If pictures appear in the lines below, skip them and copy exactly the lines from the one containing "Coup dur pour" through the one containing "Dronten, te volgen.", and nothing else.

• • • • • • •

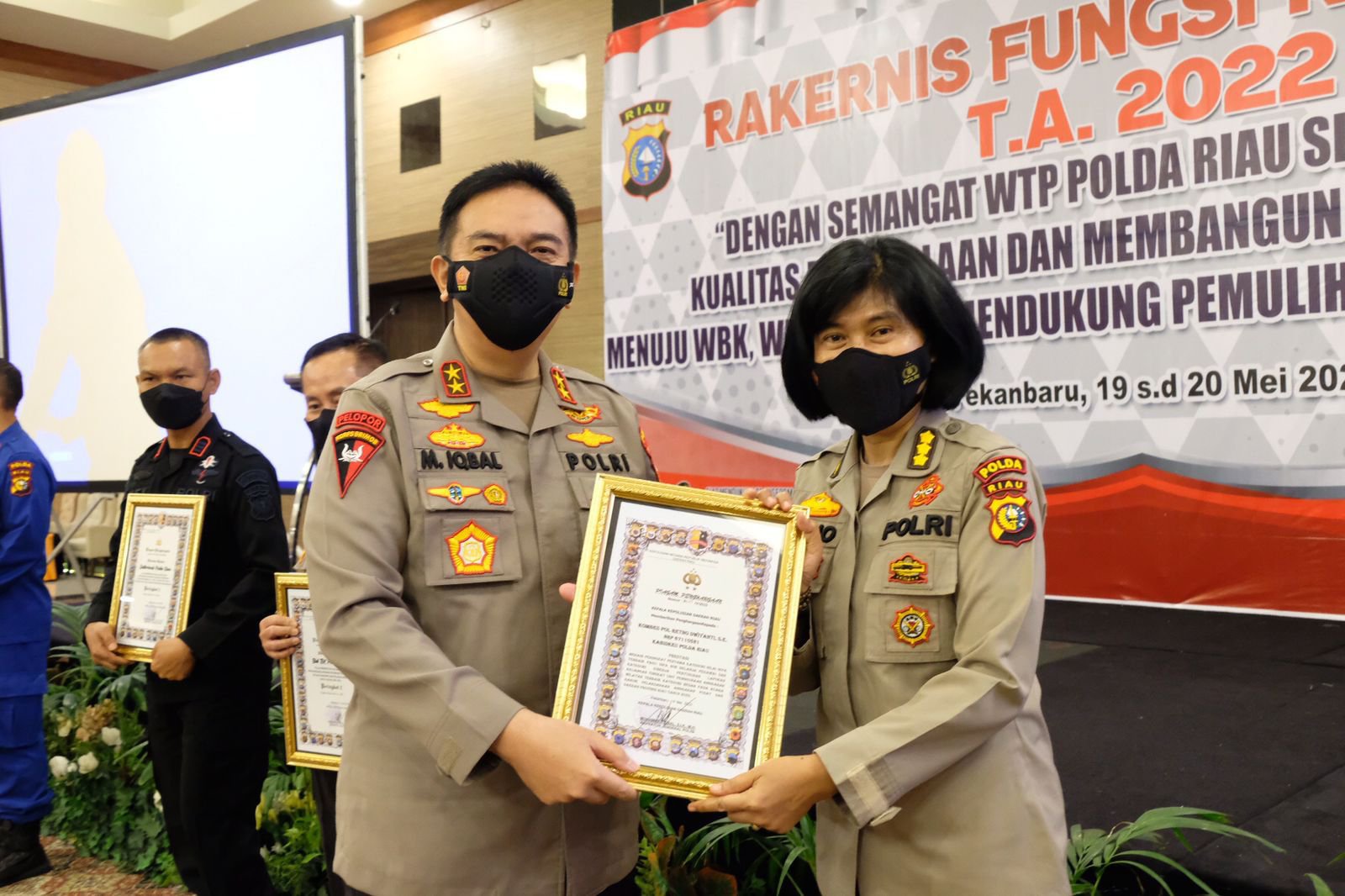 Diawal Rakernis, Kapolda memberikan penghargaan kepada Datker berprestasi dalam penyelenggaraan keuangan. Dua kategori penerima penghargaan yakni Satker yang berprestasi dalam menyusun Pertanggungjawaban keuangan Tunjangan kinerja TA. 2021, sebagai peringkat I adalah Satker Direktorat Lalulintas, kedua Direktorat Polairud dan ketiga Sat Brimob Polda Riau.
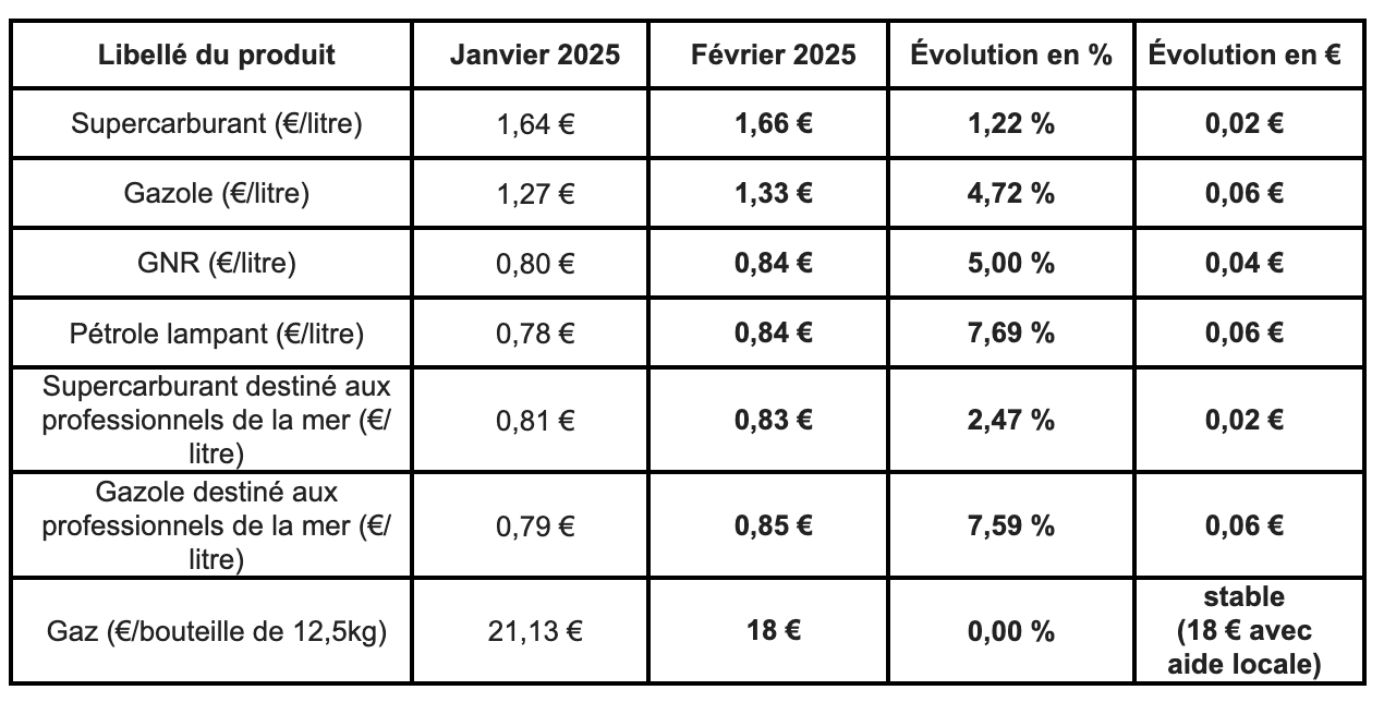 Coup dur pour le portefeuille des usagers de la route. Dès ce samedi 1er février 2025 le litre de gazole augmente de 6 centimes et passe à 1,33 euros. Le sans plomb sera facturé 1,66 le litre soit une hausse de 2 centimes. "En raison du contexte géopolitique mondial, cette augmentation des cours est inéluctable" affirme la préfecture. Grace à l'aide de la Région, le prix de la bouteille de gaz reste stable à 18 euros (Photo : www.imazpress.com)
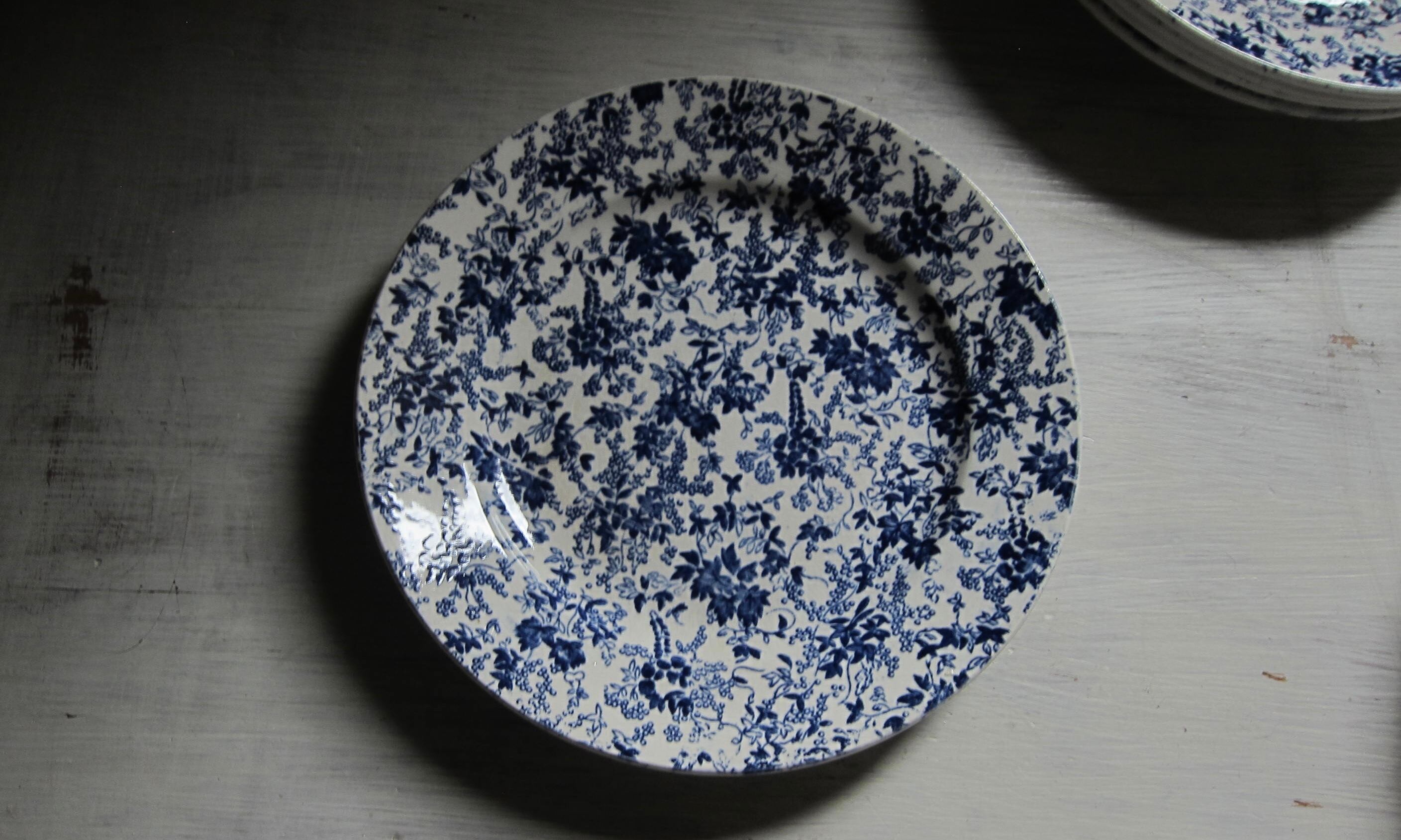 白地にブルーの草花のシノワズリのプリント シノワズリと言っても古典的な柄ではなく
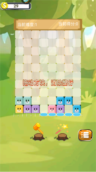 3.通过拖动屏幕上的方块,使其填满一行或一列来完成消除。
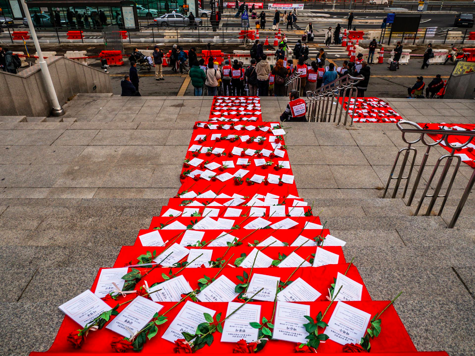 서울역 광장 계단을 덮은 붉은 빛 카펫 위로 흰 종이들이 각각 한 송이의 장미꽃과 함께 자리했다. 종이에 적힌 것은 목숨을 잃은 무연고·홈리스 사망자들의 이름과 생이었다.
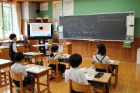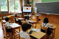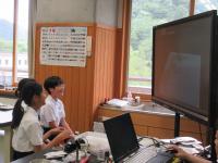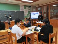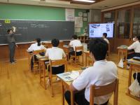 中1理科 日本列島の地震の学習において、地震や津波が起こる様子を動画で見ています。
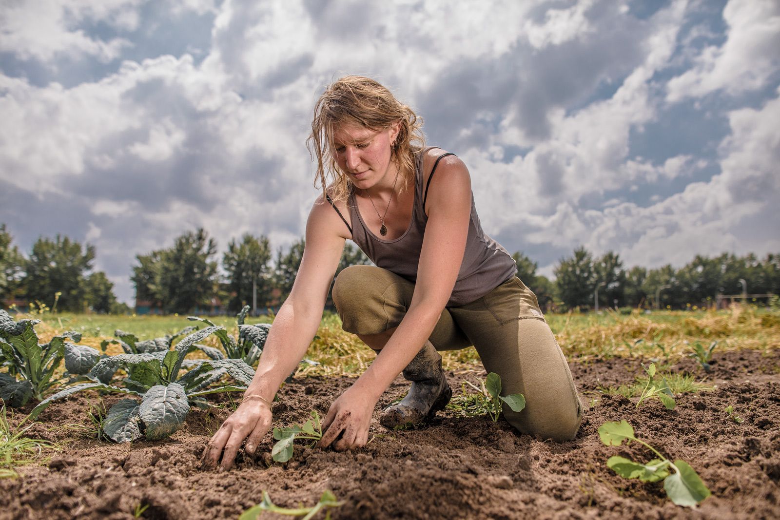 " Als dochter van twee leraren in de Nederlandse taal, ben ik niet opgegroeid in de landbouw. Eigenwijs ben ik rond mijn 18e jaar gaan rondreizen in Frankrijk. In deze reis kwam ik, voor het eerst, in aanraking met het verbouwen van voedsel. Dit maakte zo'n indruk op mij dat ik toen ik terugkwam, de beslissing heb genomen om de vier jarige voltijds opleiding aan de Warmonderhof (Biologisch Dynamische Landbouw) te Dronten, te volgen.
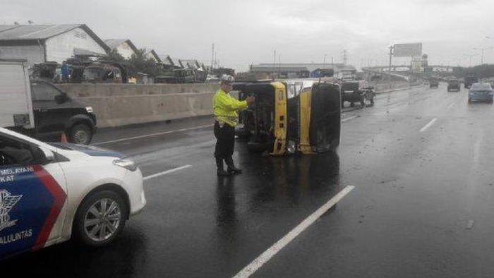 "Truknya dari arah bandara. (Terguling) karena licin jalanannya habis hujan. Kemungkinan selip," ujar Petugas Senkom Tol Cipta Marga Nusaphala Persada, Surahman kepada detikcom, Senin (25/1).
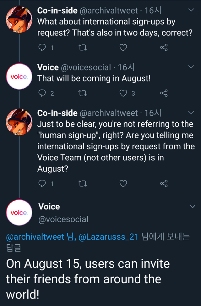 현재 트위터를 통해 공개된 내용에 따르면, 미국이 아닌 국가에 거주 중인 사용자들은 8월 15일부터 보이스에 가입하는 것이 가능할 것으로 예상이 됩니다. 혹시라도 아직 VOICE에 사전회원가입 신청을 해놓지 않으셨던 분들은 지금 미리 해 놓으시는 것도 괜찮을 것 같네요. 8월 15일 이후부터는 기존 VOICE 유저가 초대를 해야만 가입이 가능한 방식으로 변경이 될 것 같습니다. (아래의 링크는 사전가입신청 링크이며, 별도의 레퍼럴 등이 삽입되어 있지 않습니다)

• • • • • • •

RESULT OF THE EXERCISE:
 Coup dur pour le portefeuille des usagers de la route. Dès ce samedi 1er février 2025 le litre de gazole augmente de 6 centimes et passe à 1,33 euros. Le sans plomb sera facturé 1,66 le litre soit une hausse de 2 centimes. "En raison du contexte géopolitique mondial, cette augmentation des cours est inéluctable" affirme la préfecture. Grace à l'aide de la Région, le prix de la bouteille de gaz reste stable à 18 euros (Photo : www.imazpress.com)
 白地にブルーの草花のシノワズリのプリント シノワズリと言っても古典的な柄ではなく
 3.通过拖动屏幕上的方块,使其填满一行或一列来完成消除。
 서울역 광장 계단을 덮은 붉은 빛 카펫 위로 흰 종이들이 각각 한 송이의 장미꽃과 함께 자리했다. 종이에 적힌 것은 목숨을 잃은 무연고·홈리스 사망자들의 이름과 생이었다.
 中1理科 日本列島の地震の学習において、地震や津波が起こる様子を動画で見ています。
 " Als dochter van twee leraren in de Nederlandse taal, ben ik niet opgegroeid in de landbouw. Eigenwijs ben ik rond mijn 18e jaar gaan rondreizen in Frankrijk. In deze reis kwam ik, voor het eerst, in aanraking met het verbouwen van voedsel. Dit maakte zo'n indruk op mij dat ik toen ik terugkwam, de beslissing heb genomen om de vier jarige voltijds opleiding aan de Warmonderhof (Biologisch Dynamische Landbouw) te Dronten, te volgen.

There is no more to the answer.